■ DESCRIPTION OF THE TASK
Without the pictures, set down every line of the data exactly.

■ INFORMATION SHOWN
▬▬▬▬▬▬

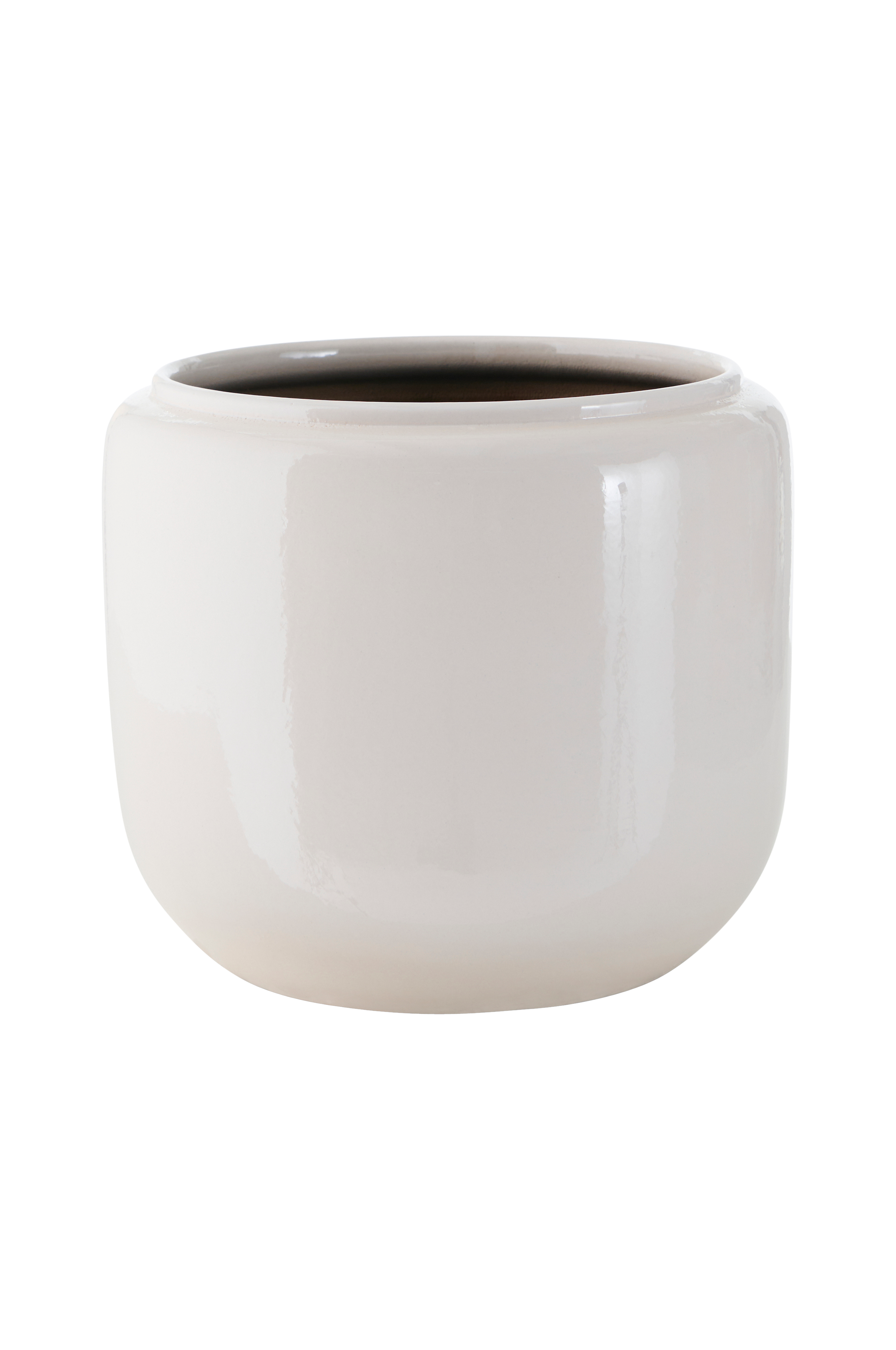 Mått: 21 cm halkaisijaltaan ja 21 cm korkeudeltaan. Materiaali: Keramik. En kruka av lera med blank glasyryta och en spännande, retroinspirerad finish.
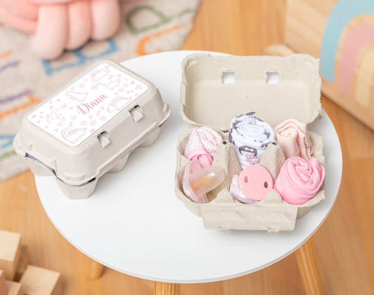 La llegada de un bebé a la familia es un acontecimiento único y lleno de alegría y felicidad. Por eso, si quieres sorprender a esa pareja que acaban de ser papis, hazlo con esta huevera personalizada. En su interior podrás encontrar un montón de pequeños detalles ideales para que la pequeña pueda estrenarlos en sus primeros meses de vida. ¡A sus padres les encantará! Si quieres triunfar hazte con este original regalo que dejará sin palabras a cualquier papá o mamá, porque seguro que no se esperan recibir una huevera llena de cositas tan monas y adorables. Además del precioso diseño en la parte superior de la huevera, este kit incluye un montón de cosas para la bebé: un chupete, un sujeta chupetes, un gorrito, una camiseta de tirantes, unos calcetines y un babero. ¡Todo de color rosa! Pero para hacer de este regalo algo único y muy emotivo, no te olvides de personalizar la huevera. Añade el producto al carrito y entra en el área de personalización. Completa el adorable diseño de dinosaurios rosas con el nombre de la pequeña y nosotros nos encargamos del resto. ¡Será el regalo más bonito del mundo! Medida: 18 cm x 12 cm. Talla: 0-3 meses.
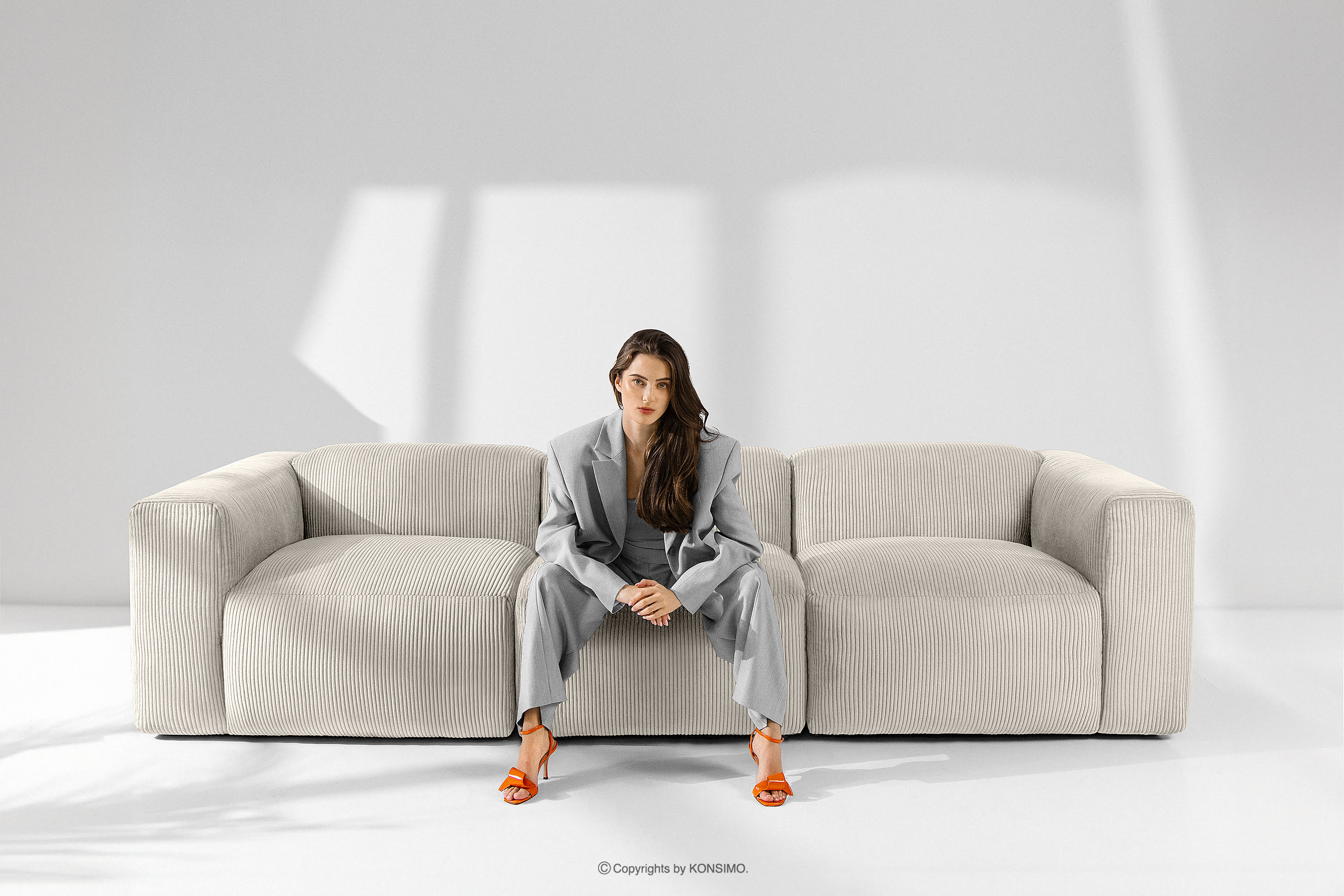 BUFFO Objav celú kolekciu Veľká modulárna rohová pohovka do obývačky z manšestrovej tkaniny krémovej farby vľavo- farba krémová

▬▬▬▬▬▬

■ EXERCISE RESULT
 Mått: 21 cm halkaisijaltaan ja 21 cm korkeudeltaan. Materiaali: Keramik. En kruka av lera med blank glasyryta och en spännande, retroinspirerad finish.
 La llegada de un bebé a la familia es un acontecimiento único y lleno de alegría y felicidad. Por eso, si quieres sorprender a esa pareja que acaban de ser papis, hazlo con esta huevera personalizada. En su interior podrás encontrar un montón de pequeños detalles ideales para que la pequeña pueda estrenarlos en sus primeros meses de vida. ¡A sus padres les encantará! Si quieres triunfar hazte con este original regalo que dejará sin palabras a cualquier papá o mamá, porque seguro que no se esperan recibir una huevera llena de cositas tan monas y adorables. Además del precioso diseño en la parte superior de la huevera, este kit incluye un montón de cosas para la bebé: un chupete, un sujeta chupetes, un gorrito, una camiseta de tirantes, unos calcetines y un babero. ¡Todo de color rosa! Pero para hacer de este regalo algo único y muy emotivo, no te olvides de personalizar la huevera. Añade el producto al carrito y entra en el área de personalización. Completa el adorable diseño de dinosaurios rosas con el nombre de la pequeña y nosotros nos encargamos del resto. ¡Será el regalo más bonito del mundo! Medida: 18 cm x 12 cm. Talla: 0-3 meses.
 BUFFO Objav celú kolekciu Veľká modulárna rohová pohovka do obývačky z manšestrovej tkaniny krémovej farby vľavo- farba krémová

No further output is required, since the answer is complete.